The real gauge of a person’s self-esteem is how they feel about their flaws and bad experiences, not how they feel about their positive experiences.

If you have genuine self-worth as opposed to baseless self-esteem you recognize your flaws (for instance, I’m not good with money), and work to fix them.

Trauma May Lead to Entitlement

Another factor that can lead to feeling entitled is having experienced trauma in your life.

It develops this way:

  • You experience trauma and feel helpless to solve your problems.
  • You feel there is something wrong with you.
  • You feel your problems are unique and therefore you’re different from others. Different rules must apply to you. You feel entitled to special attention or treatment.
  • The more painful the trauma, the more entitlement you feel.
  • You may overcompensate to prove your value and worth, through such things as unhealthy relationships, drinking, sex, and trampling others’ feelings. You may feel entitled to do and say whatever you want, then try to justify your actions.

This kind of entitlement stems from the belief that you’re terrible and everyone else is great, or that you’re great and everyone else is terrible. Either way, you feel unique and deserving of special treatment. You may alternate between these feelings, up one day and down the next. Both approaches to life are selfish.

People who feel they are perpetual victims may overreact emotionally to many things in life, or make selfish demands of others to protect their feelings.

  • Colleges are seeing more students who demand they remove material from the curriculum or remove books from the library that they find upsetting. Speakers are banned and professors are reprimanded if they offend anyone.
  • More students are experiencing extreme stress over typical things that happen in college life, such problems with roommates or failing grades.

The thing to realize is that your problems really aren’t that unique — millions of others have had traumatic experiences. Accepting this is a necessary step toward emotional health.

It’s Acceptable to be Average

Technology has solved many problems but also has given us new, mental problems by flooding us with extreme information convincing us that the exceptional is normal.

That leaves a lot of average people feeling inadequate and insecure, with a distorted view of themselves. But they feel entitled to be noticed, so they become louder and more extreme (self-aggrandizing), or they obsess over celebrities (other-aggrandizing).

We’ve come to believe that being average is being a failure.

If they aren’t extraordinary, some people would rather be below average than just average. If you can’t be the best, being the most victimized and miserable makes you unique in your mind and garners attention — which seems preferable to being merely average.

But if everyone is deemed extraordinary, then no one would stand out.

In fact, you are probably average at most things that you do. If you excel at something, you’re still probably average or worse at other things.

Becoming exceptional takes enormous time and effort. Because of that, few people become outstanding at anything, let alone at multiple things. It’s not possible to excel at everything in life; brilliant people or celebrities often have major problems in other areas such as home life.
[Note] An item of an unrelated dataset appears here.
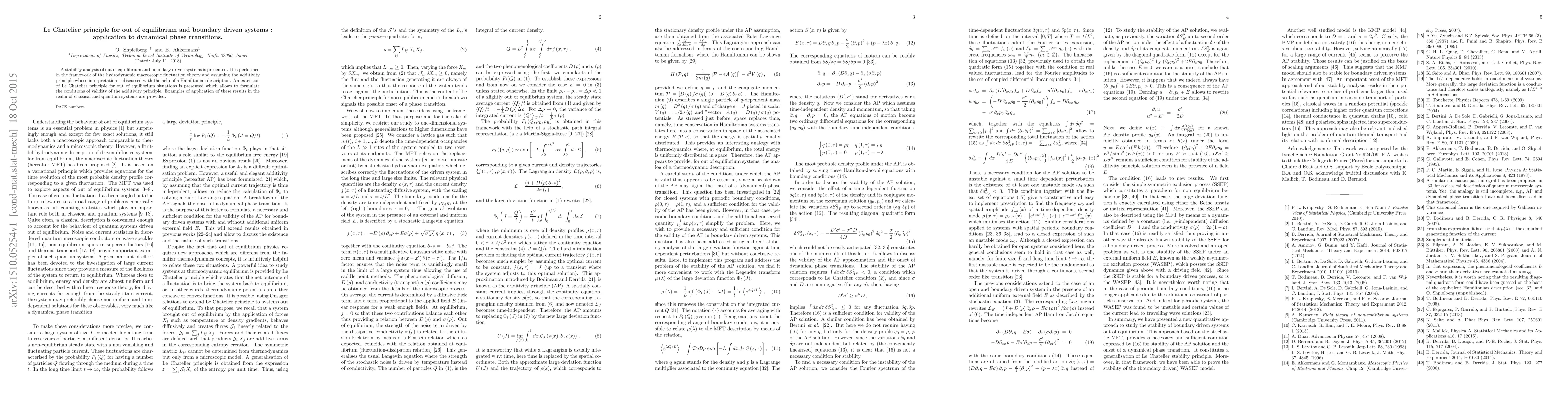 This paper extends the Le Chatelier principle to out-of-equilibrium systems, analyzing their stability using hydrodynamic macroscopic fluctuation theory. It discusses the additivity principle's interpretation and provides examples of its application in both classical and quantum systems.

The few people who become outstanding do so because they realize they’re mediocre and go all out to improve themselves and excel at something. They obsess over improving themselves because they fear they’re not very good, which stems from a feeling of anti-entitlement.

To be emotionally healthy you need to accept that:

  • You’re not special or extraordinary.
  • What you do doesn’t matter that much, all things considered.
  • Much of your life will be unexciting and dull.

Accepting these realities eliminates the pressure and stress of feeling inadequate and always needing to compensate. You can do and achieve what you want, free of unrealistic expectations.

When you lower your expectations to a realistic level, you’ll have a greater appreciation for ordinary things like spending time with friends, helping someone, or pursuing something you enjoy. These are actually the important things.